* RECORDED DATA *
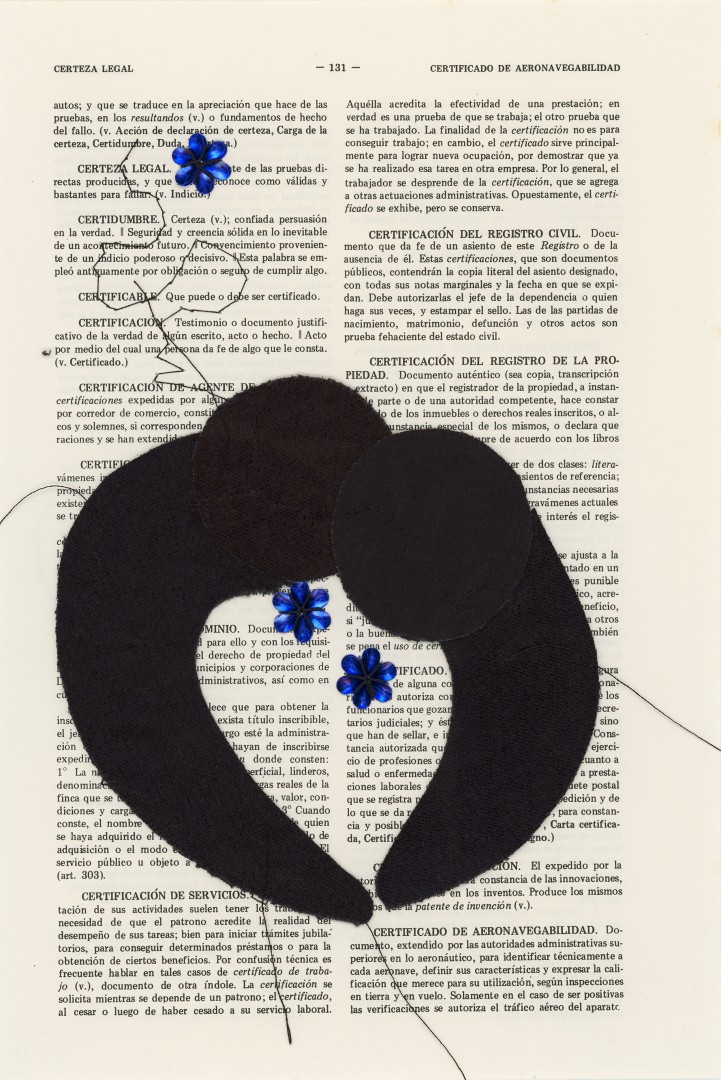 Certeza Legal (Legal Certainty) (paper, thread, fabric, beads, 7” x 10 ½“, 2013)
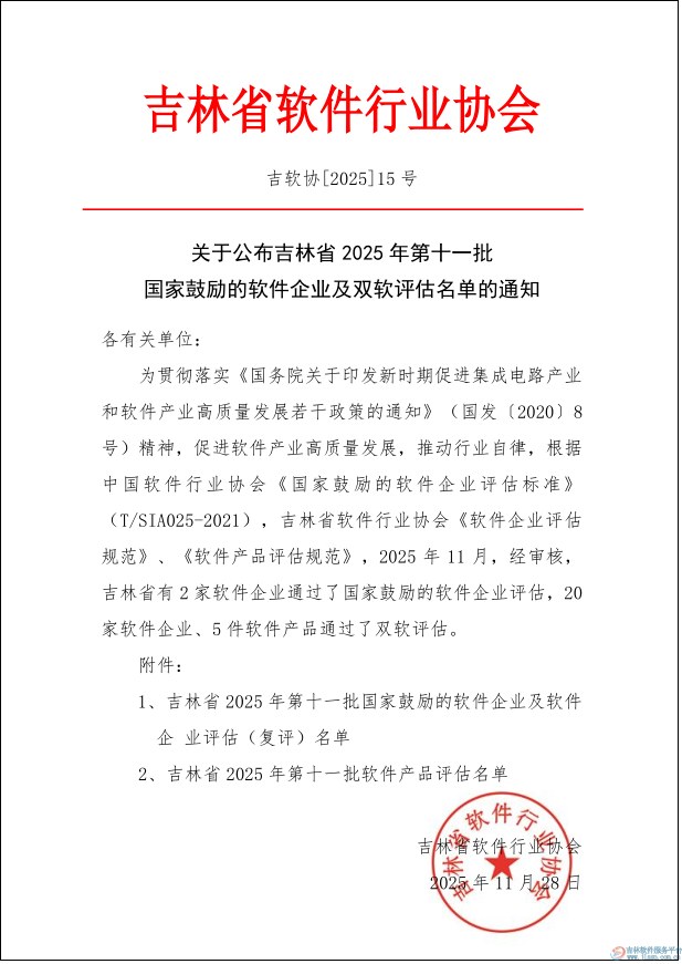 关于公布吉林省2025年第十一批国家鼓励的软件企业及双软评估名单的通知
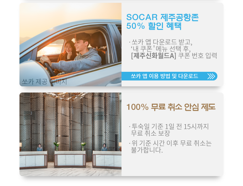 - 본 상품은 이벤트 페이지와 연결된 제주신화월드 이벤트 페이지를 통해서 빠르게 예약이 가능하여 온라인 예약
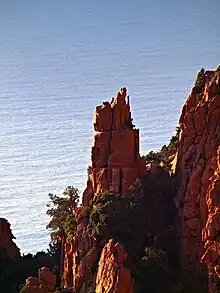 Le site naturel protégé de Capu Rossu[33] occupe l’extrémité sud de la façade maritime du parc naturel régional de Corse, Capu Rossu étant la pointe sud du golfe de Porto.
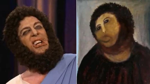 Durante su monólogo de apertura, el pelirrojo presentó el caso como algo "bastante asombroso que viene de España", para después decir que se trataba del "peor trabajo de restauración jamás visto".
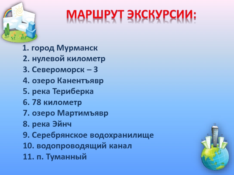 Слайд 3МАРШРУТ ЭКСКУРСИИ:
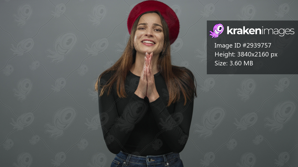 Young caucasian woman wearing red beret and black top clasping hands in prayer in a gray studio; hopeful plea.

* TASK PROMPT *
Quote exactly, and only, the lines from the line containing "Durante su monólogo" through the final line of the records above, both included, omitting any pictures.

* ANSWER TO THIS PROBLEM *
 Durante su monólogo de apertura, el pelirrojo presentó el caso como algo "bastante asombroso que viene de España", para después decir que se trataba del "peor trabajo de restauración jamás visto".
 Слайд 3МАРШРУТ ЭКСКУРСИИ:
 Young caucasian woman wearing red beret and black top clasping hands in prayer in a gray studio; hopeful plea.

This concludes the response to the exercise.